Estradiol Attenuates Neuroprotective Benefits of Isoflurane Preconditioning in Ischemic Mouse Brain

Abstract

Isoflurane preconditioning (IsoPC) neuroprotection in experimental stroke is male-specific. We determined whether estradiol alters ischemic outcomes in IsoPC brain and examined the role of estrogen receptors (ERs). Seven to 10 days before preconditioning, ovariectomized (OVX) mice were implanted with estradiol, vehicle, or ER subtype agonists. OVX+/-estradiol, OVX+/-vehicle, OVX+/-ER agonists, and ER subtype wild-type (WT) and knockout (KO) mice were preconditioned for 4 h with sham anesthetic preconditioning (sham PC) or 1% IsoPC and recovered for 24 h. Mice then underwent 2 h of middle cerebral artery occlusion followed by 22 h of reperfusion. Infarct volumes were determined by 2,3,5-triphenyltetrazolium chloride staining, with comparisons between IsoPC and corresponding sham PC for each treatment group. Decreased infarct injury was seen in IsoPC OVX+/-vehicle, whereas estradiol in IsoPC OVX mice enhanced ischemic damage. In ER studies, increased infarct volumes were seen in IsoPC ERWT mice regardless of ER subtype.
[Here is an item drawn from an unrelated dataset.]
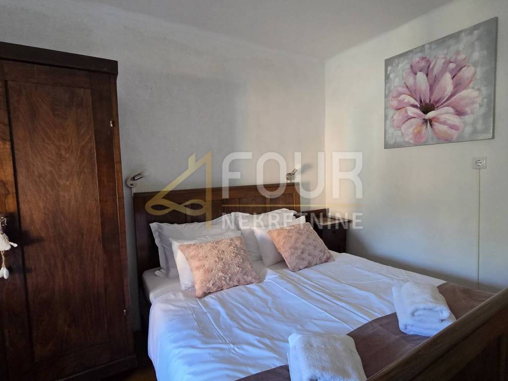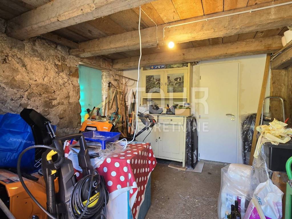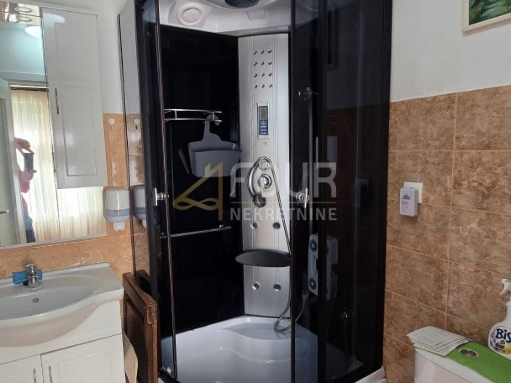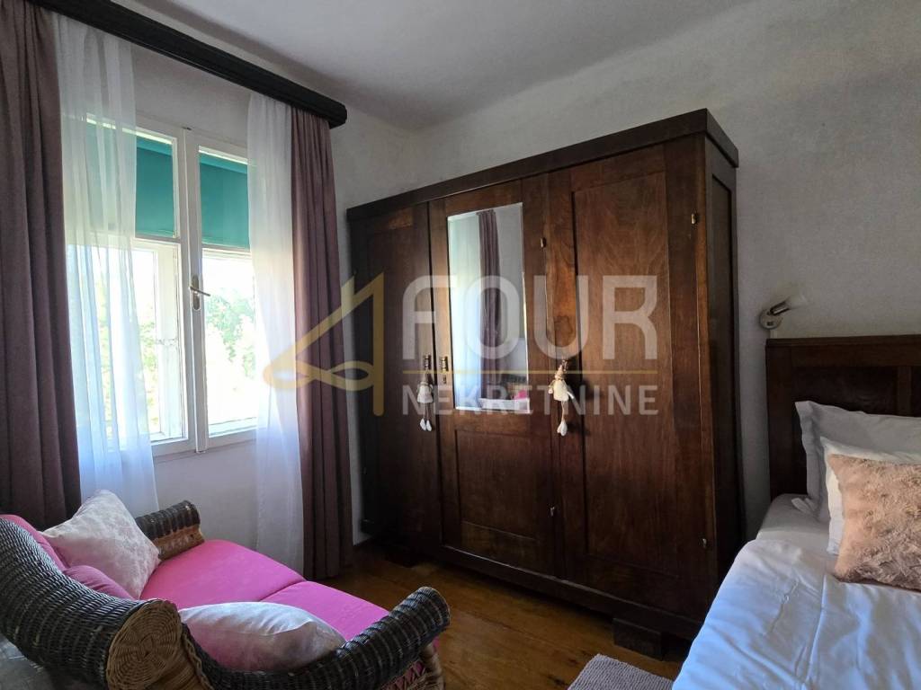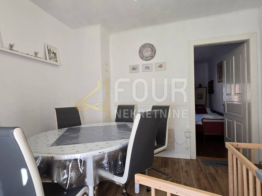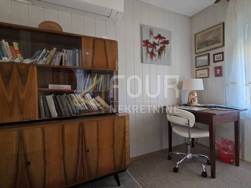 A detached house is for sale in Delnice, with a total area of 104 m², situated in a quiet location and categorized as a holiday home. It consists of a small entrance hall, kitchen, bathroom and separate toilet, two bedrooms, a study, and a living room from which stairs lead down to a space with a jacuzzi. Heating is provided by a wood-burning stove and air conditioning, while the wooden joinery and beams are in good condition.

IsoPC in ERalphaKO mice had no effect on infarction volume but reduced only cortical ischemic damage in ERbetaKO mice. In OVX+ERalpha agonist, IsoPC had no effect on infarction volume. In OVX+ERbeta agonist, IsoPC increased cortical infarct volume. Estradiol depresses the brain's protective response to IsoPC and may exacerbate cortical ischemic injury mainly through an ERbeta-dependent mechanism.